Many years ago, films like Ardh Satya and Satya already exposed the nexus between politicians, cops and the underworld and set their realistic films in the squalid parts of Mumbai.

Ram Gopal Varma’s Satya went on to acquire cult status, and now the director keeps remaking the film from different points of view and in different styles.  But the basic plot remains the same—mafia runs amok, cops start killing them in ‘encounters’, politicians play dirty power games.



In his latest, Department, the 'innocent' is a cop Shiv Narayan (Rana Daggubati), who is so zealous at his job that he ends up suspended. To deal with the rampaging underworld, an undercover department is formed under the wing of rogue cop Mahadeo (Sanjay Dutt).  Nod to the classic The Untouchables,  Mahadeo and his team of hand-picked men get a free hand to eliminate the underworld.

The players are Sawatya (Vijay Raaz), an unseen Mohammad Ghori, breakaways from the Sawatya gang, DK (Abhimanyu Singh) and his brainy girlfriend (Madhu Shalini) and a gangster-turned-politician, Sarjerao Gaikwad (Amitabh Bachchan.)  Amidst the underhand dealings, betrayals, double-crossing and corruption, Shiv has to find a way to survive with his idealism intact. Mahadeo and his wife (Laxmi Manchu) have long since stilled their conscience.

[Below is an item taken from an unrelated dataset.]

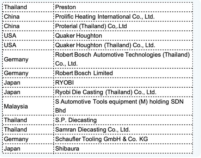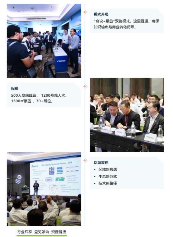 参加理由 崛起的市场,连接全球,重塑格局 新兴枢纽,战略支点,驱动东南亚产业转型升级 顶级专业平台:打造东南亚压铸行业顶级会展平台,汇聚全球前沿技术、优质资源与行业领袖,构建高效交流与合作生态。 全域辐射网络:立足泰国产业枢纽,辐射东南亚核心经济体,深度链接"一带一路"沿线、日韩、中国港澳台等关键市场,驱动区域协同发展,重塑市场格局。 整合资源,赋能增长:紧扣压铸行业全球化整合趋势,应对供应链重构需求,依托东南亚产业基础与泰国地缘优势,整合资源,助力企业深耕本地、布局未来。

Since there is not much to say,  Varma tries to experiment with style—letting loose multiple camera. As a result, every scene is shot and edited in a dizzying manner, with odd angles and close-ups, of feet, shoes, crockery, crotches, mouths, hands; two particularly noticeable shots, one from below a teacup and one from the POV of a carom striker.  The casting and production design team must have been given a brief to find the ugliest extras and the most decrepit locations possible.

If Varma wanted to employ an uber-realistic style, then Bollywood style song-and-dance numbers, and exaggerated action sequences using wirework do not blend in well. (The Natalia Kaur ‘item’ dance must be the most vulgar in recent times.)

As it is, a few minutes into the film, the gun shots and piling up of bodies starts.  So excessive is the killing, that after a point, the viewer is numbed by the noise and the sight of heads smashed, brains spattered, blood spurting from bullet holes and terrified eyes of corpses.

The crew must  have enjoyed the experience of making the film, the actors certainly give it their best effort—particularly Rana Daggubati.  But what about the audience begging for mercy? The film ends with the threat of a sequel.  Varma is obstinate and foolhardy enough to do it.